The Reeperbahn was long and wide and straight, ideal for weaving the reep, as rope was called in Low German, from which the former ropewalk street had got its name. By day it looked dreary and tawdry, by night it became one of the most illuminated streets in Germany. But, as they made their way along the Reeperbahn, there was something about its ten-thirty neon sparkle that was deeply depressing. A forced, manic jollity. Anna and Wangler had visited one sleazy bar after another, getting nothing from the bar staff. They had done most of their talking to the security men on the doors of the clubs and bars, most of whom, like the bartenders and hostesses, greeted Wangler with a warm handshake or at least a nod of acknowledgement.
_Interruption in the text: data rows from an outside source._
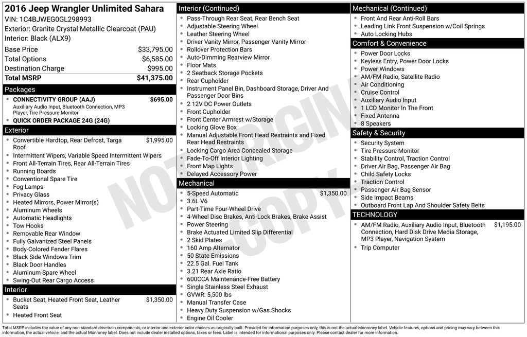 2016 Jeep Wrangler Unlimited Sahara **Here at Long-Lewis we believe in being transparent. We have no Doc fees, or any other hidden fees. We are a one price store and give our best price up front and they are clearly marked on all our inventory.** Granite Crystal Metallic Clearcoat 4WD 5-Speed Automatic 3.6L V6 24V VVT
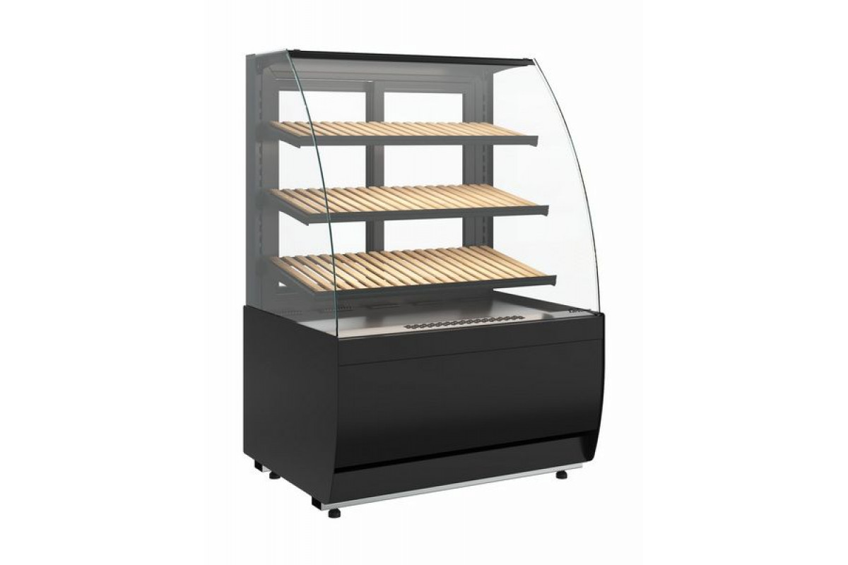 Витрина нейтральная напольная Carboma K70 N 1,3-1 LIGHT Bread (версия 2.0) (9005) используется в составе линии раздачи на предприятиях общественного питания и торговли для демонстрации и кратковременного хранения продуктов питания, готовых блюд и напитков, не требующих особого температурного режима хранения. Каскадное расположение полок позволит выложить больший ассортимент продукции. Оснащена боковыми прямыми и передним гнутым стеклом.
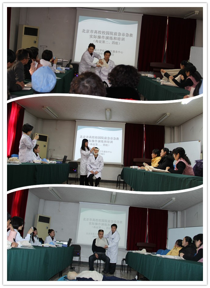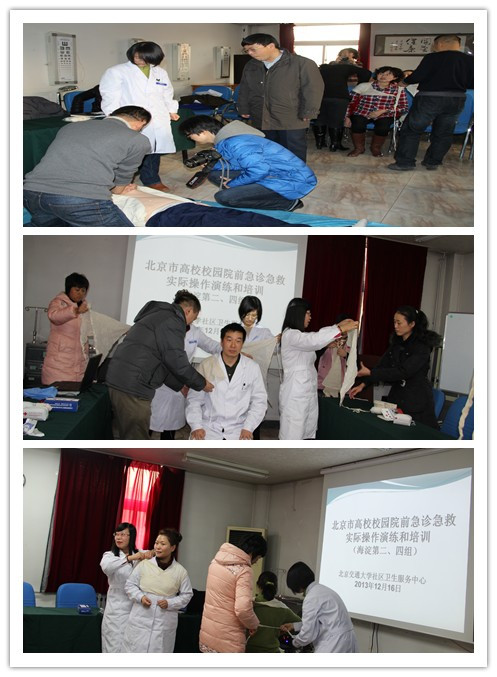 根据北京市教委和北京市高教学会卫生工作研究会决定,太阳网集团tcy8722医院被设点成为海淀区急诊急救实际操作的演练和培训高校单位,主要负责海淀二组、四组高老太阳集团tcy8722网站的急诊急救实操演练和培训。在2013年12月中旬,在老太阳集团tcy8722网站门诊楼三层健教室,开展了急诊急救实际操作的演练和培训。海淀二组、四组部分高校40余位医务工作者参加了培训。老太阳集团tcy8722网站院长孔令伟、业务副院长刘红军、健康管理副院长卢云涛参加。
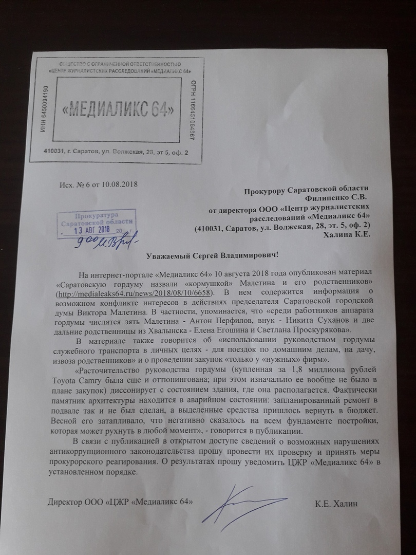 «В связи с публикацией в открытом доступе сведений о возможных нарушениях антикоррупционного законодательства прошу провести их проверку и принять меры прокурорского реагирования», - пишет «Медиаликс 64» в направленном Сергею Филипенко обращении.
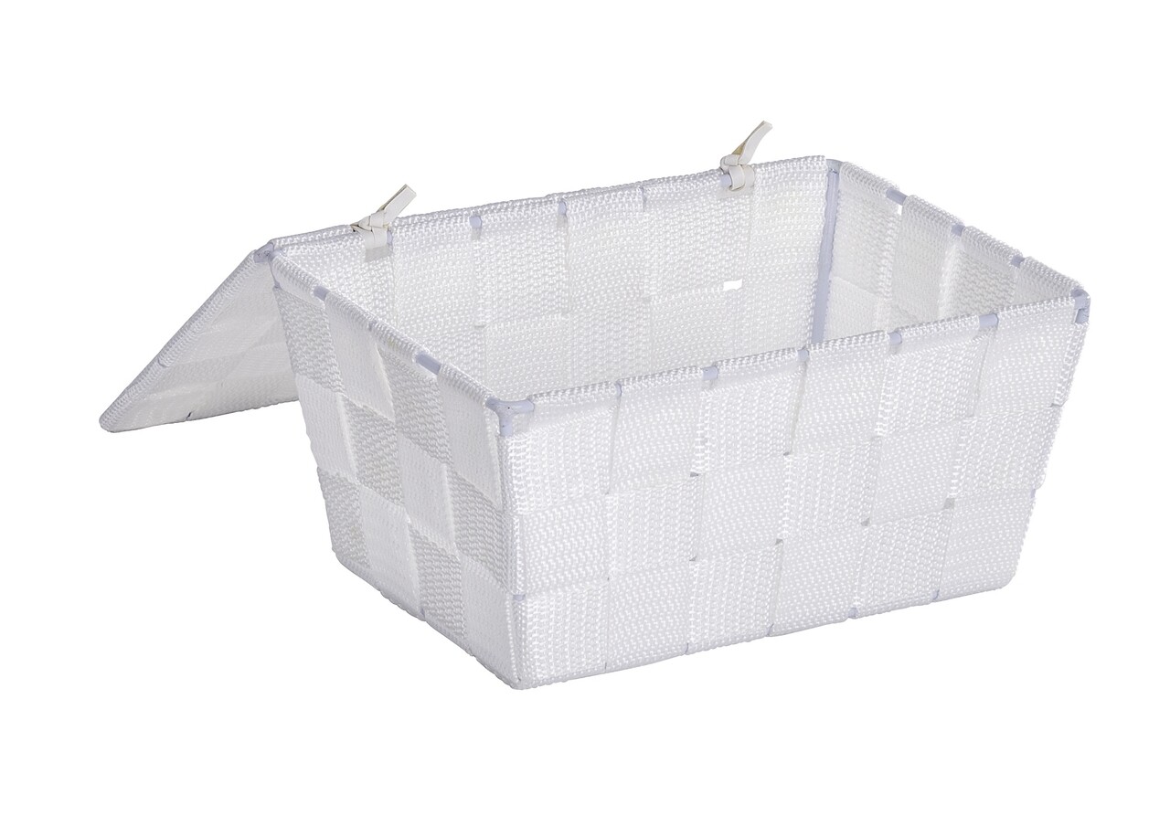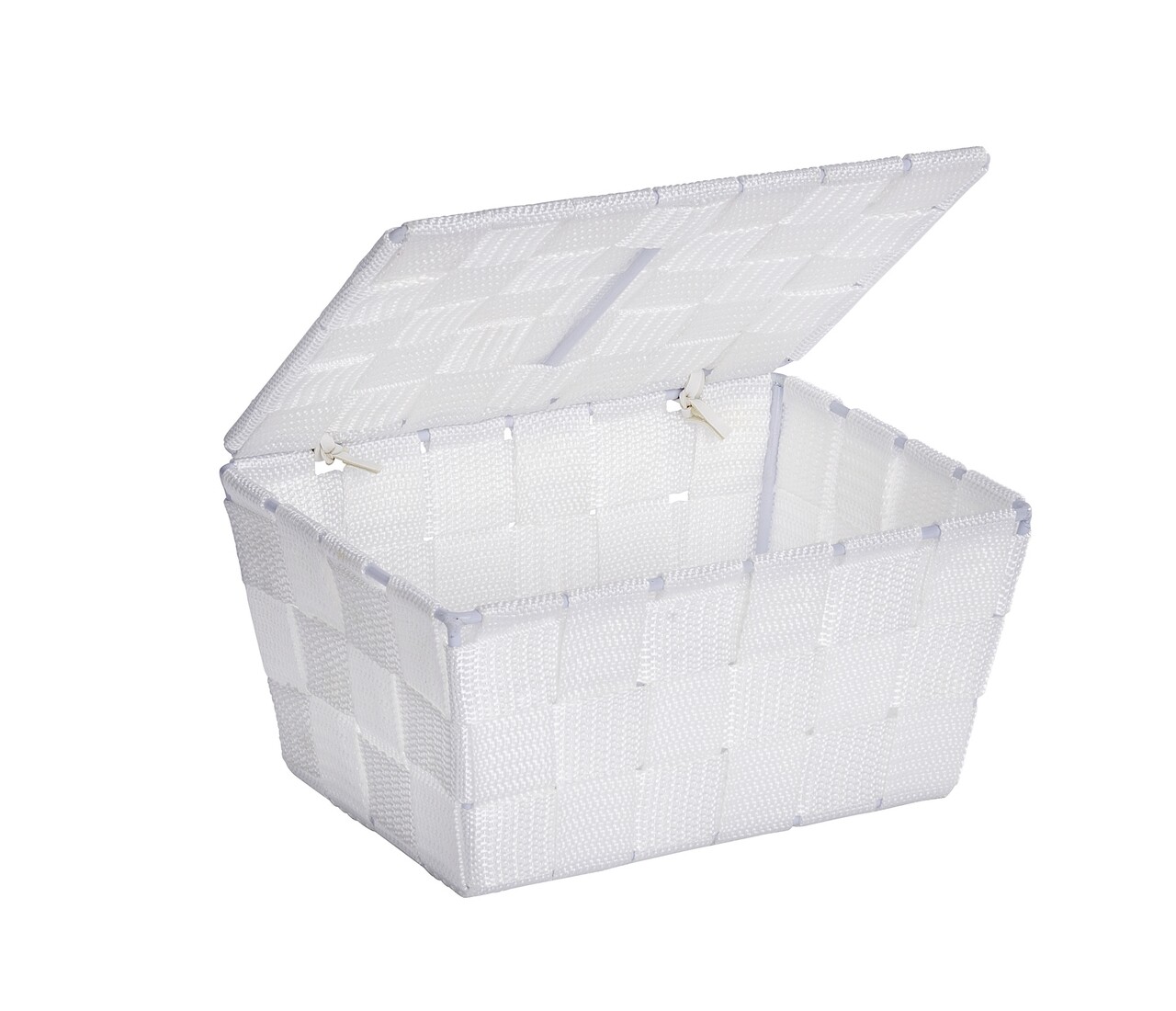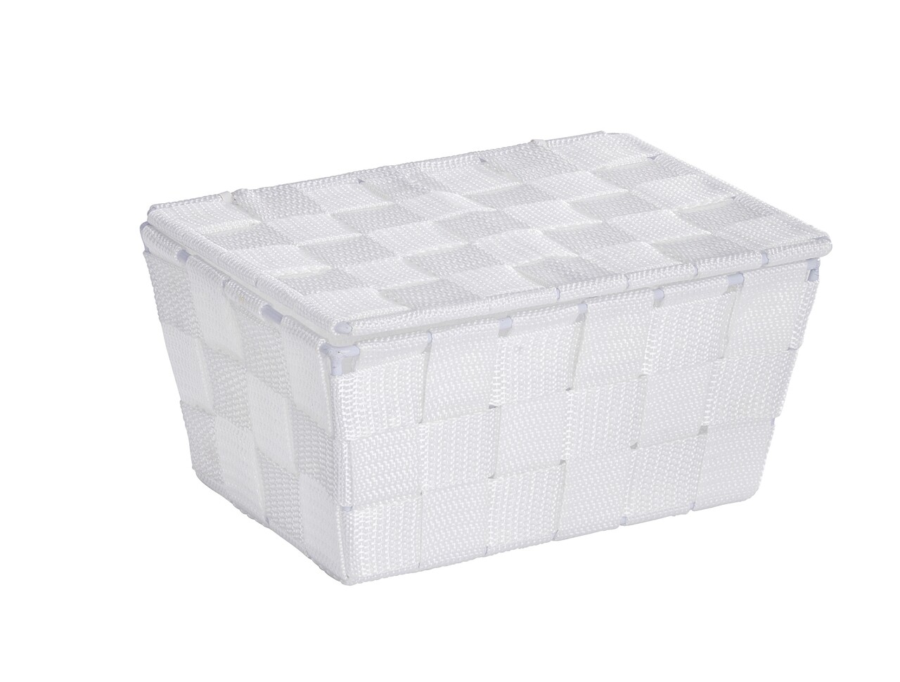 Wenko Tárolókosár fedővel, Adria, 19 x 10 x 14 cm, polipropilén, fehér

‘I’ve worked here for four years,’ explained Wangler, as they made their way along the sinful mile, passing a sex shop with a window full of improbably proportioned sex aids. ‘You get to know people.’

‘Do you like working this beat?’ asked Anna.

‘It’s okay… people have the wrong idea about the Kiez. An old idea, I suppose. Even Superintendent Kaminski. He was on the beat here in the old days and I sometimes think he’s of the opinion that it’s all going to the dogs because the brothels are shutting up shop and the trendy bars, musical theatres and luxury flats are moving in. There’s even an advertising agency setting up its offices here.’

‘That’s all good, isn’t it?’

‘Well, there’s the other side to it. The Reeperbahn used to sell cheap sex. Now it sells cheap booze. The Kiez has become infected with the British Disease — binge drinking, particularly in the clubs. It’s changed the kind of street crime we deal with. Less thievery, more violence.’

‘Isn’t the ban working?’ Anna referred to the recent injunction against the carrying of any weapons in the Reeperbahn and the Kiez. A designated weapon-free zone had been set up, with yellow signs standing at the perimeter.